• ABOUT THIS EXERCISE
Begin at the top of the records below and return each line exactly through the line with "Priloženi so tematski". Skip pictures.

Collection entries:

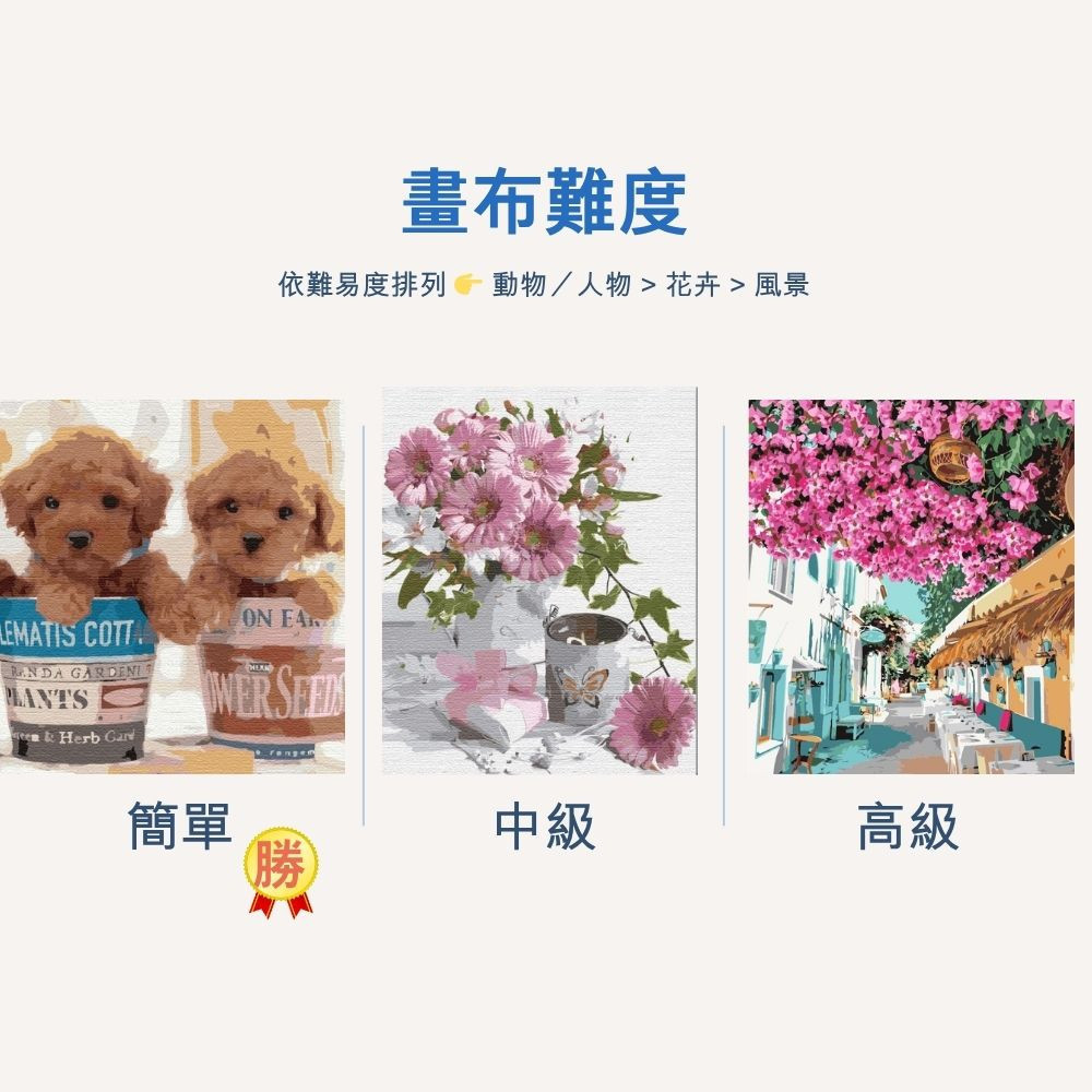 (2)選主題難度**:依難易度排列 👉 動物/人物 > 花卉 > 風景。
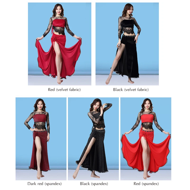» New 2pcs Women Belly Dance Costume Set Long Sleeves Floral Lace Top and Skirt Bellydance Training Clothes Oriental Dancing Outfit
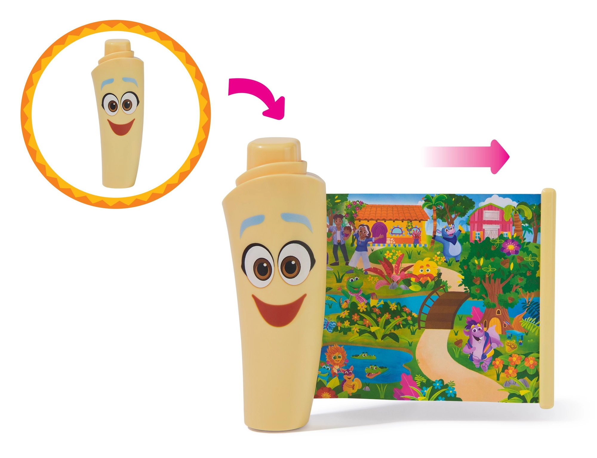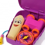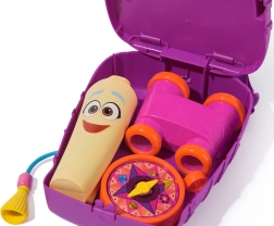 Priloženi so tematski pripomočki za igro raziskovalcev: daljnogled za približevanje oddaljenih predmetov, barvit kompas za določanje smeri in izvlečni zemljevid s slikovnim prizorom za načrtovanje odprav. Popolna igrača za razvoj domišljije, igre vlog in fine motorike.
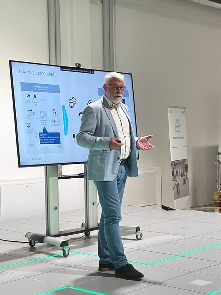 Zu Beginn begrüßten die beiden Leiter des IPI – Institut für Produktion und Informatik, Prof. Dr. Frieder Heieck und Prof. Dr. Bernd Lüdemann-Ravit, alle Teilnehmenden sowie die beiden Vortragenden, Kristine Puritz (Mercedes-Benz AG) und Tom Richter (Nokia Enterprise Sales – Digital Industries). Nach einem kurzen Einblick in die umfangreichen Tätigkeiten des IPI, das als anwendungsorientierte Forschungseinrichtung Industriepartner bei der Digitalisierung ihrer Produktion unterstützt, widmete man sich gespannt den beiden Fachvorträgen.
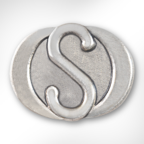 社章のモチーフとなったのは、アルファベットの「O」と「S」を印象的に配したロゴマークです。よくご要望をいただく社章の仕様として、凹凸の段差で立体感を表現する平彫りがあります。ただ、今回はアルファベット部分をより立体的にというご希望がありましたので、凹凸の凸部分に山なりのカーブをつける肉彫りをお勧めしました。また、「O」と「S」の仕上げ面に高低差をつけ、渋い濃淡が魅力の銀いぶし加工を施すことで、さらにデザインにメリハリがつき、より立体的な仕上がりとなっています。社章を留めるための裏付属品には、針で差し留めるタイプのタイタックをお選びいただいています。こちらは衣服を選ばずに装着できる仕様の留め具です。
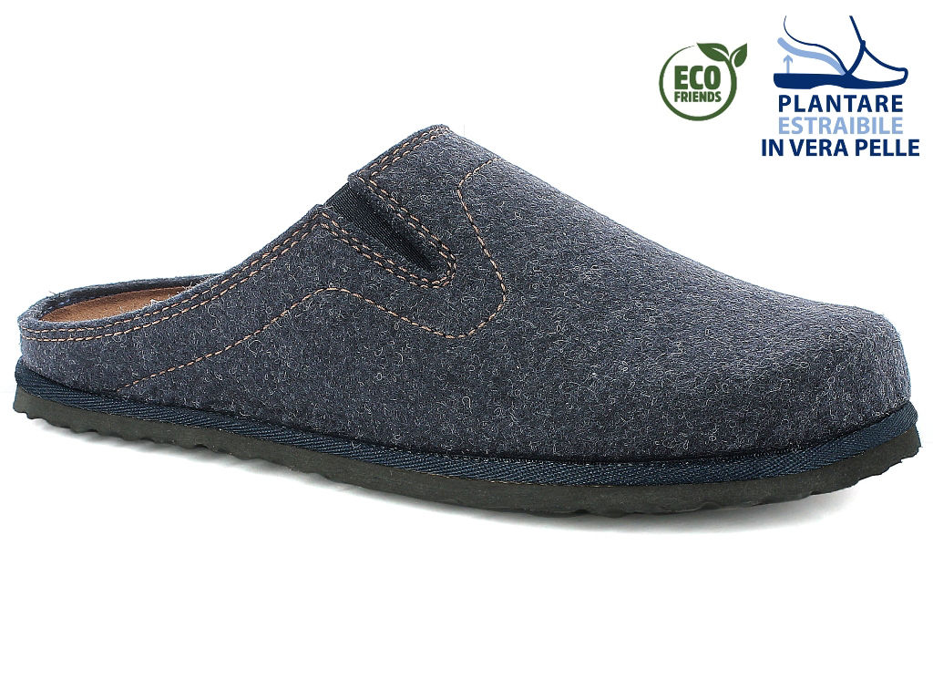 Warm and comfortable slippers made with recycled material. ECOFRIENDS slippers with a removable genuine leather insole.
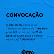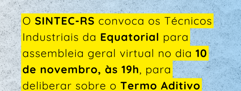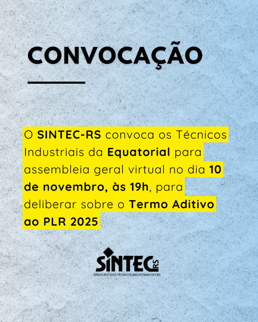 O Diretor-Presidente do SINDICATO DOS TÉCNICOS INDUSTRIAIS DE NÍVEL MÉDIO DO ESTADO DO RIO GRANDE DO SUL – SINTEC-RS, no uso de suas atribuições legais e estatutárias, convoca categoria dos Técnicos Industriais empregados da EQUATORIAL ENERGIA para ASSEMBLEIA GERAL EXTRAORDINÁRIA a realizar-se no dia 10 de novembro de 2025, em formato virtual pela plataforma Google Meet (link disponibilizado por e-mail), às 18h30min em primeira chamada e às 19h00min em segunda chamada, para deliberarem sobre a seguinte ORDEM DO DIA:
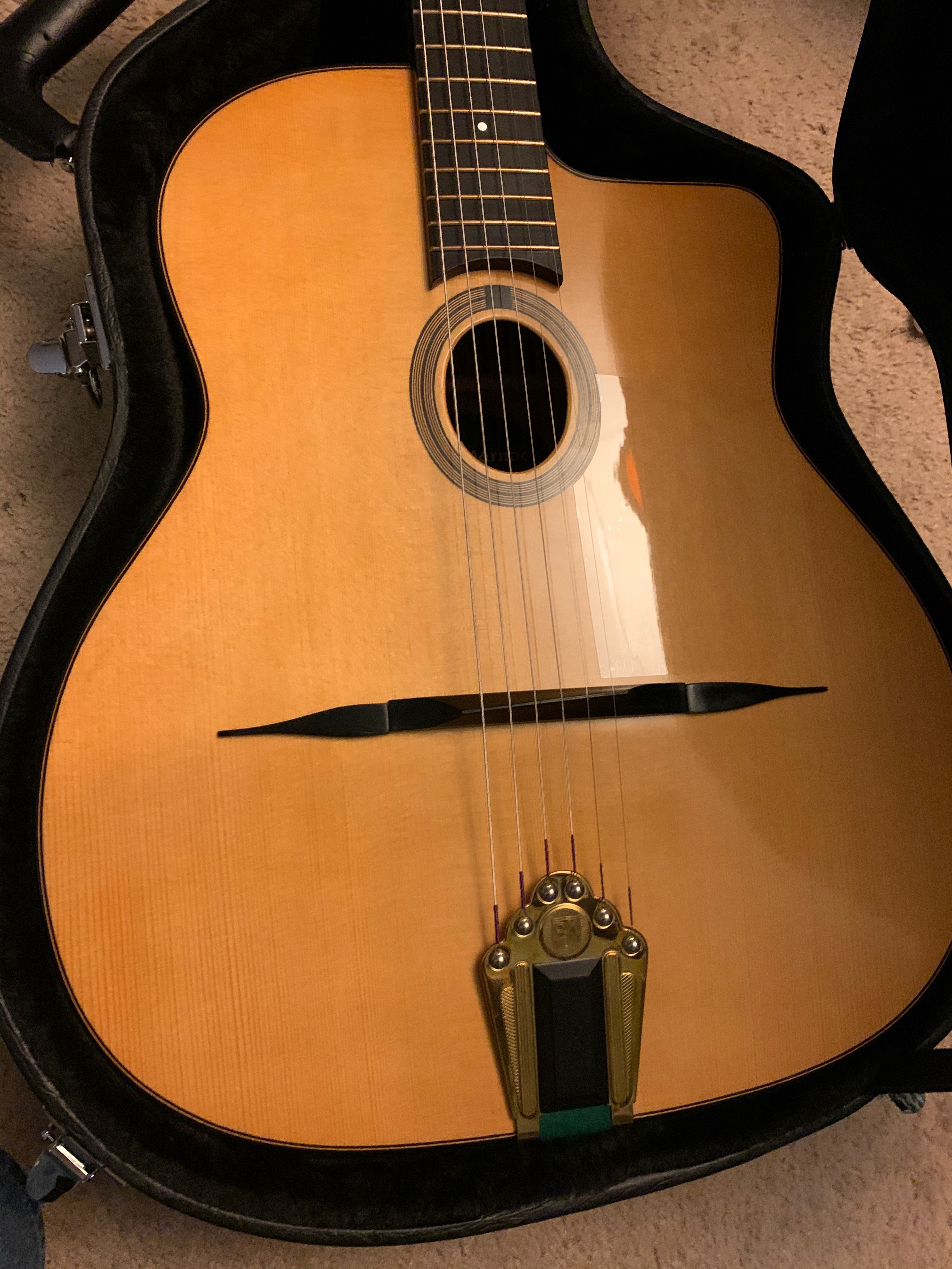 I ordered this beautiful guitar in December of 2018 and received it in February of 2019. Craig builds a beautiful guitar! I custom ordered a couple of things on the guitar including the French Polish finish and the hardware. It is in mint condition and not played more than one hour since I purchased it. I'm not playing as much Gypsy music as I thought I would, so here is your opportunity to purchase a beautiful Bumgarner Gypsy guitar at a reduced price.
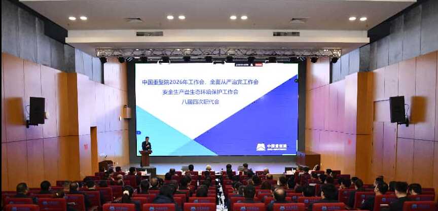 (通讯员 上官书仪)1月27日上午,中国重型院召开2026年工作会、全面从严治党工作会、安全生产暨生态环境保护工作会、八届四次职代会,全面总结2025年及“十四五”期间主要工作,精心部署2026年及“十五五”期间重点任务。国机重装第二监督办公室主任、公司外部董事以视频形式参加会议,中国工程院院士、公司常务副总工程师关杰,公司领导王社昌、潘吉财、叶志刚、魏炜、何博参加会议,总经理、党委副书记丘铭军主持会议。

• ANSWER SPACE
 (2)選主題難度**:依難易度排列 👉 動物/人物 > 花卉 > 風景。
» New 2pcs Women Belly Dance Costume Set Long Sleeves Floral Lace Top and Skirt Bellydance Training Clothes Oriental Dancing Outfit
 Priloženi so tematski pripomočki za igro raziskovalcev: daljnogled za približevanje oddaljenih predmetov, barvit kompas za določanje smeri in izvlečni zemljevid s slikovnim prizorom za načrtovanje odprav. Popolna igrača za razvoj domišljije, igre vlog in fine motorike.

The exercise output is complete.